YOUR INSTRUCTIONS ▸ Give again, exactly as written, the lines of the records below from the line with "Welcome to iMADE" to the line with "法律是治國之重器,良法是善治". Both end lines count; pictures do not.

ENTRIES SHOWN ▸
━━━━━━━━━━━━━━━━

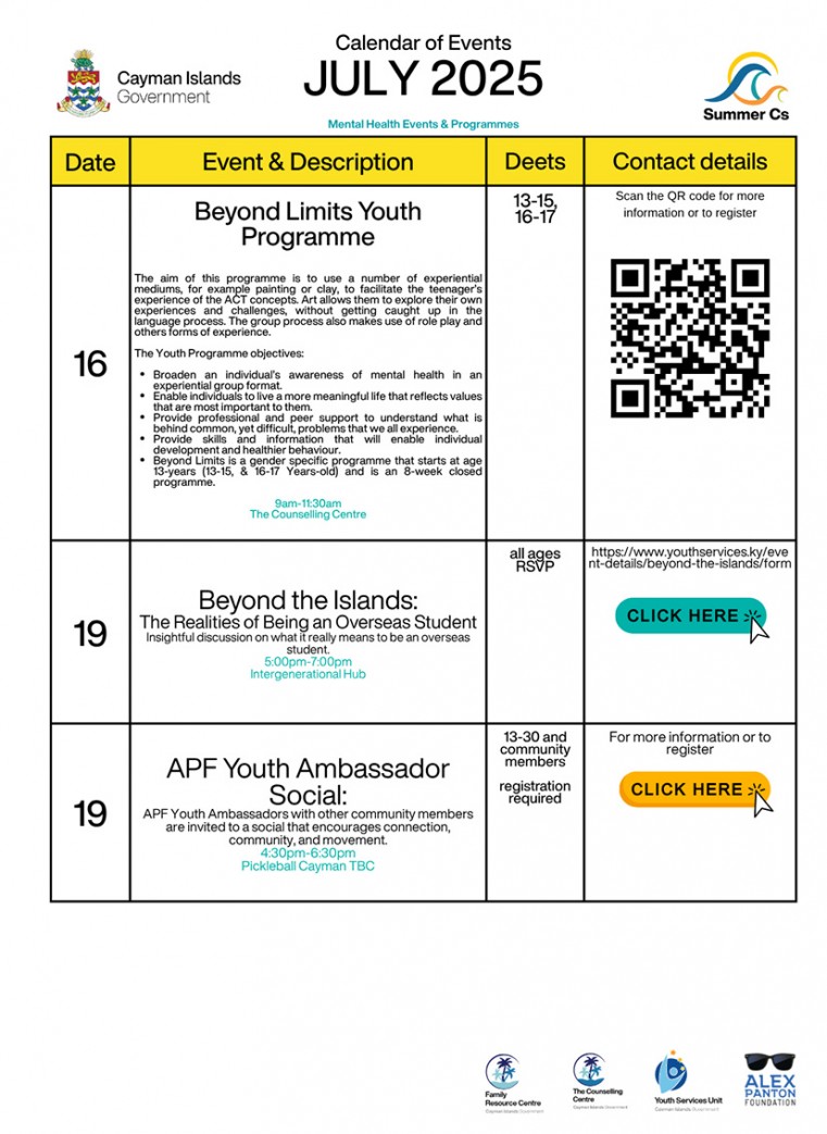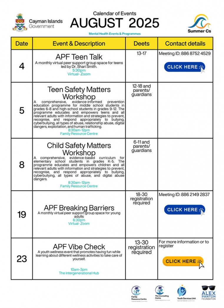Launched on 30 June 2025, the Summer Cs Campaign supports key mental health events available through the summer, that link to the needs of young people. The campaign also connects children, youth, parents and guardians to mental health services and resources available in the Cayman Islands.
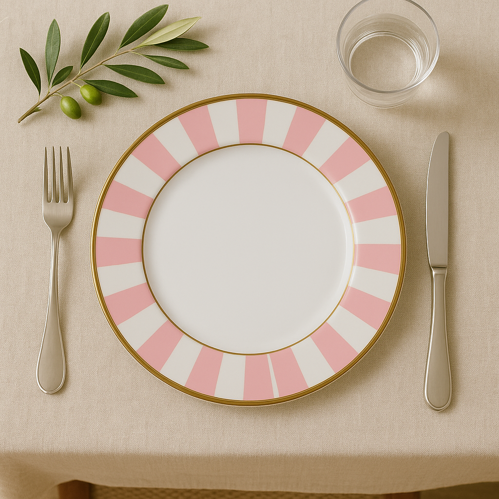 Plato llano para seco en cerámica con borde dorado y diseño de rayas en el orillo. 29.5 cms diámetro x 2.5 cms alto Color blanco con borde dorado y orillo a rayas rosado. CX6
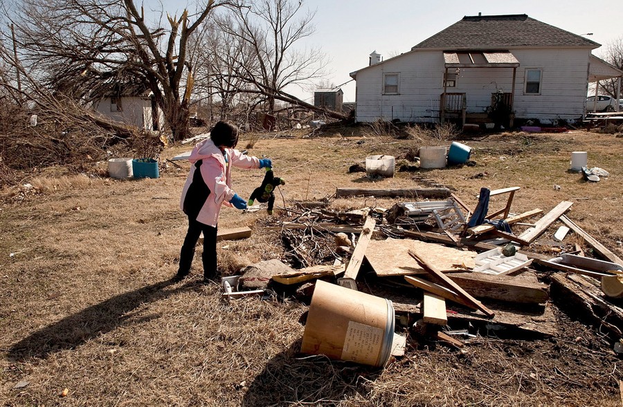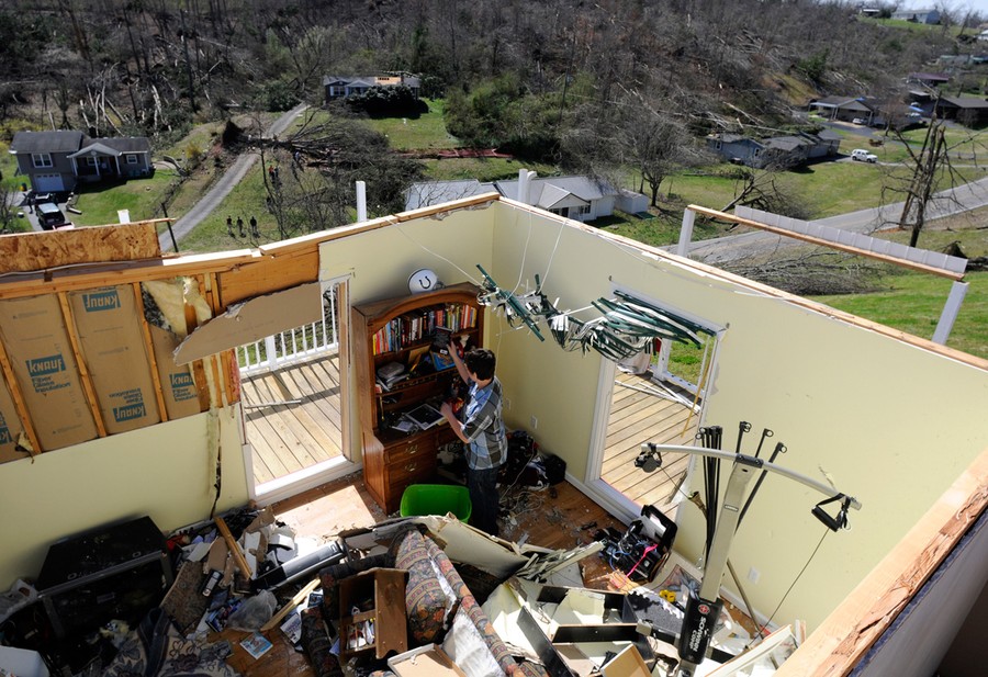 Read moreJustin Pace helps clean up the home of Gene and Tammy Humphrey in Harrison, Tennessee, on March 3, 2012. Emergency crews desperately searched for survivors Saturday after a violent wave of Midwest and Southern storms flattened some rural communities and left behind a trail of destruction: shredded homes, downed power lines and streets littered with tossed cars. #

━━━━━━━━━━━━━━━━

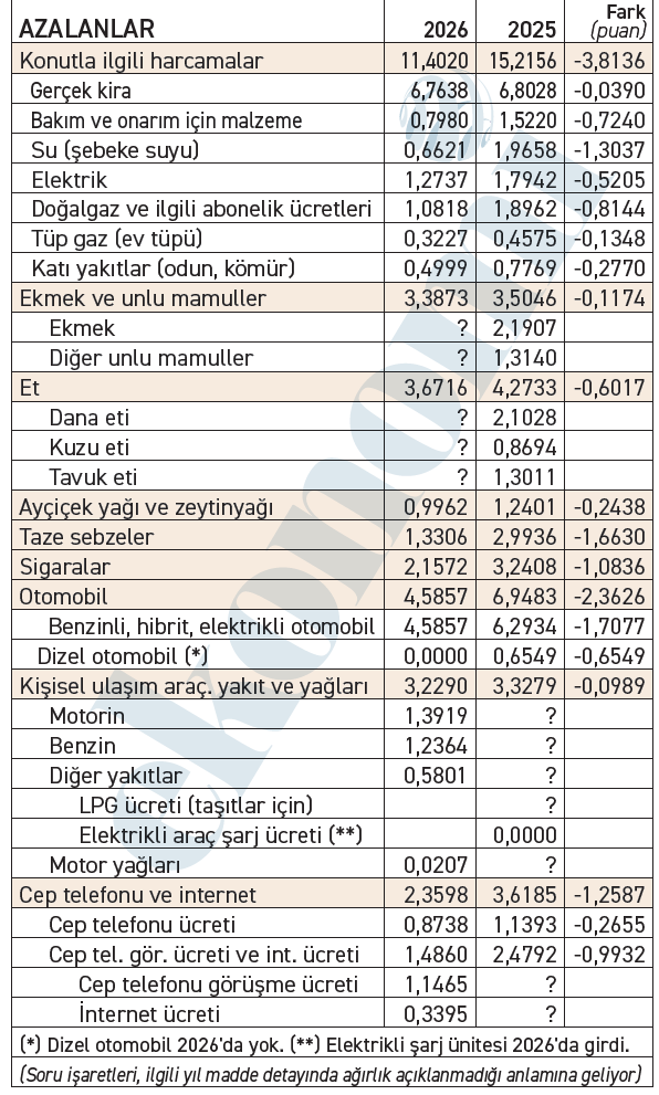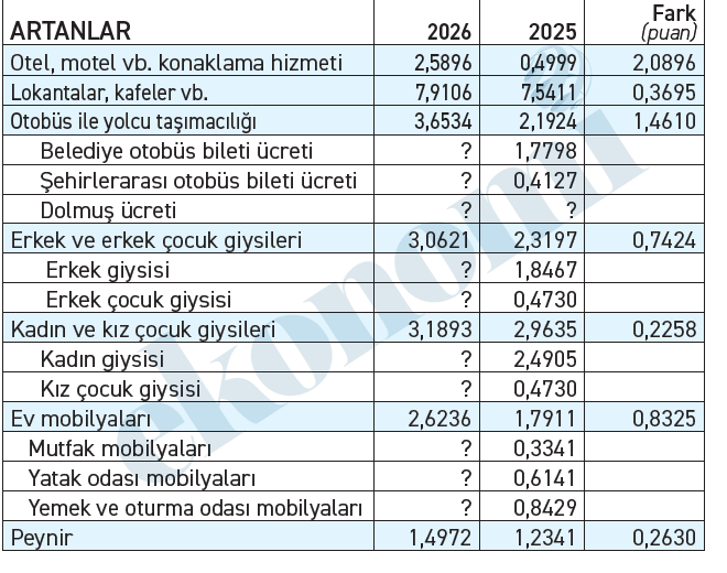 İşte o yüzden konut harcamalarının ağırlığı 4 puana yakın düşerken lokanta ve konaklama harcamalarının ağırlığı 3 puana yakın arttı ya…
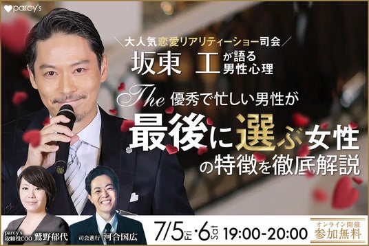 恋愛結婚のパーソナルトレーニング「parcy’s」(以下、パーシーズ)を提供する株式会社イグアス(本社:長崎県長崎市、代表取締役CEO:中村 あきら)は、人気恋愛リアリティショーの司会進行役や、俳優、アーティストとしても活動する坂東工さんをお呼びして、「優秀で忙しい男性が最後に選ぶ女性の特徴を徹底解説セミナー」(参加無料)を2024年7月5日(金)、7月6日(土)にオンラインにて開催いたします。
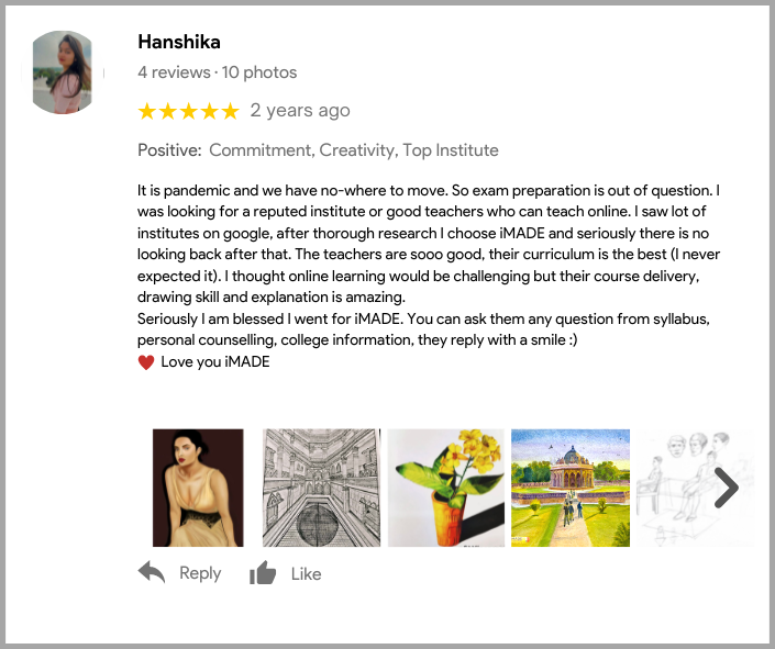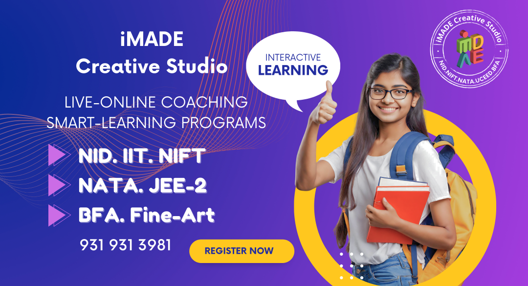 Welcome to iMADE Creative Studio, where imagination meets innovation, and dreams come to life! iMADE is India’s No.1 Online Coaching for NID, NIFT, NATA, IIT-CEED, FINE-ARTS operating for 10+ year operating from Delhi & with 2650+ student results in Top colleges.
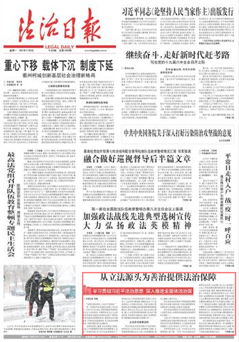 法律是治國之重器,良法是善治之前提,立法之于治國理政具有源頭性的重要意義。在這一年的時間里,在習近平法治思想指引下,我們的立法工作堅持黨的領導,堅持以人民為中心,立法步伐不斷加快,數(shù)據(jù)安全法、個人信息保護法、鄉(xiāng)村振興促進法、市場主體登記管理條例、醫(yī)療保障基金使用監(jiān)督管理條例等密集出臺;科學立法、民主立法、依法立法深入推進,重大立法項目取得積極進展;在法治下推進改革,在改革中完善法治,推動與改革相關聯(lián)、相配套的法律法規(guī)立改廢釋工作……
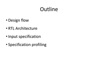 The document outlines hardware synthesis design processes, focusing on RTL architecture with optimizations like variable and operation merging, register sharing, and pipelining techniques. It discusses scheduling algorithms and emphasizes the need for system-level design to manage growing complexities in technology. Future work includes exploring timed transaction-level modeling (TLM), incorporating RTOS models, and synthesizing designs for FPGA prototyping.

━━━━━━━━━━━━━━━━

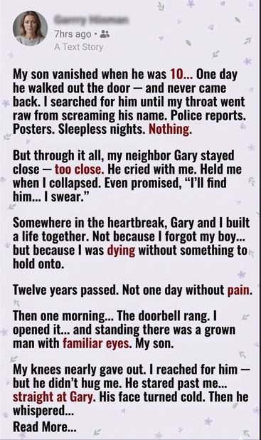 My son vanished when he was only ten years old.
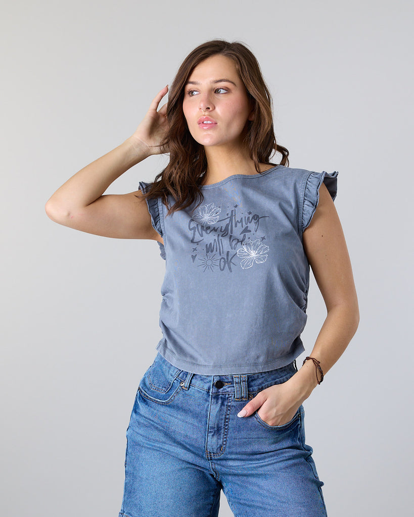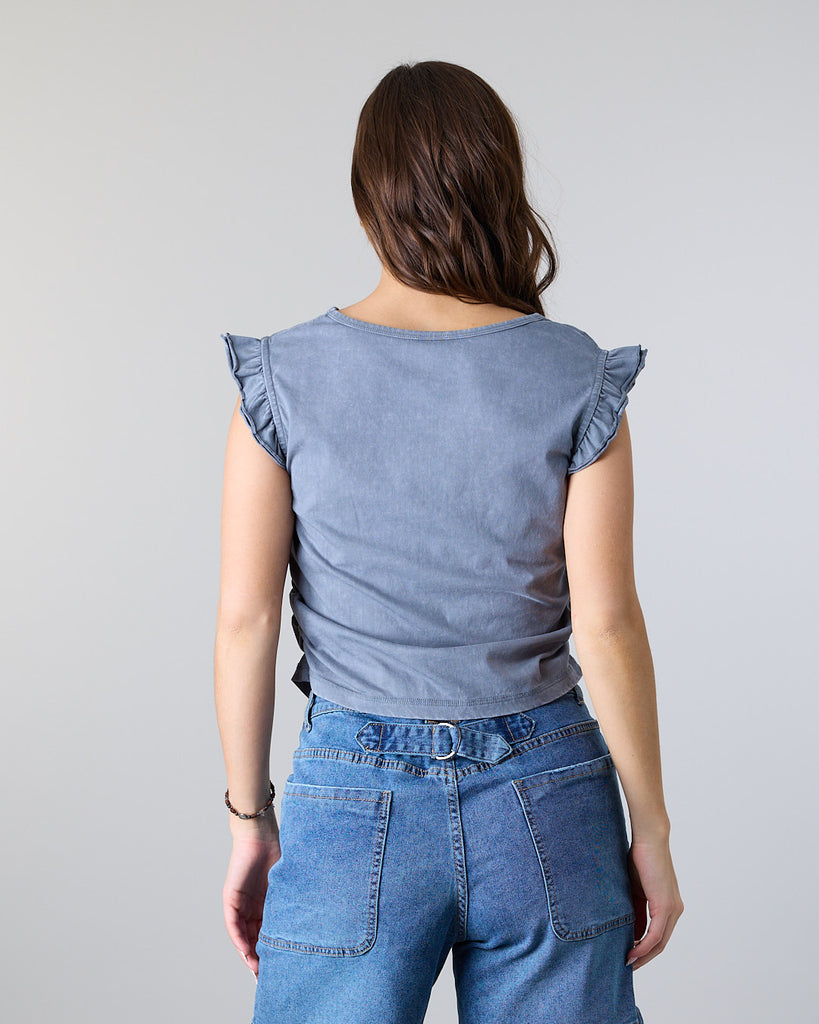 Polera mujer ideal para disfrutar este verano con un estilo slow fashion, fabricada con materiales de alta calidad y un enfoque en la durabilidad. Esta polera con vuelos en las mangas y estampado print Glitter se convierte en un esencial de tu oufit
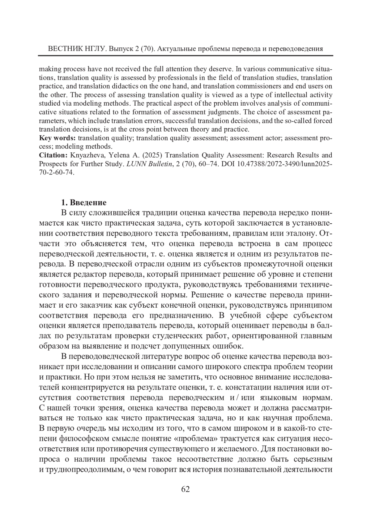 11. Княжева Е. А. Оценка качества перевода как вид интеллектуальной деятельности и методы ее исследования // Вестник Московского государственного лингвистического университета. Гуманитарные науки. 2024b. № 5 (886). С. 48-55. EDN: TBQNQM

━━━━━━━━━━━━━━━━

ANSWER SPACE ▸
 Welcome to iMADE Creative Studio, where imagination meets innovation, and dreams come to life! iMADE is India’s No.1 Online Coaching for NID, NIFT, NATA, IIT-CEED, FINE-ARTS operating for 10+ year operating from Delhi & with 2650+ student results in Top colleges.
 法律是治國之重器,良法是善治之前提,立法之于治國理政具有源頭性的重要意義。在這一年的時間里,在習近平法治思想指引下,我們的立法工作堅持黨的領導,堅持以人民為中心,立法步伐不斷加快,數(shù)據(jù)安全法、個人信息保護法、鄉(xiāng)村振興促進法、市場主體登記管理條例、醫(yī)療保障基金使用監(jiān)督管理條例等密集出臺;科學立法、民主立法、依法立法深入推進,重大立法項目取得積極進展;在法治下推進改革,在改革中完善法治,推動與改革相關聯(lián)、相配套的法律法規(guī)立改廢釋工作……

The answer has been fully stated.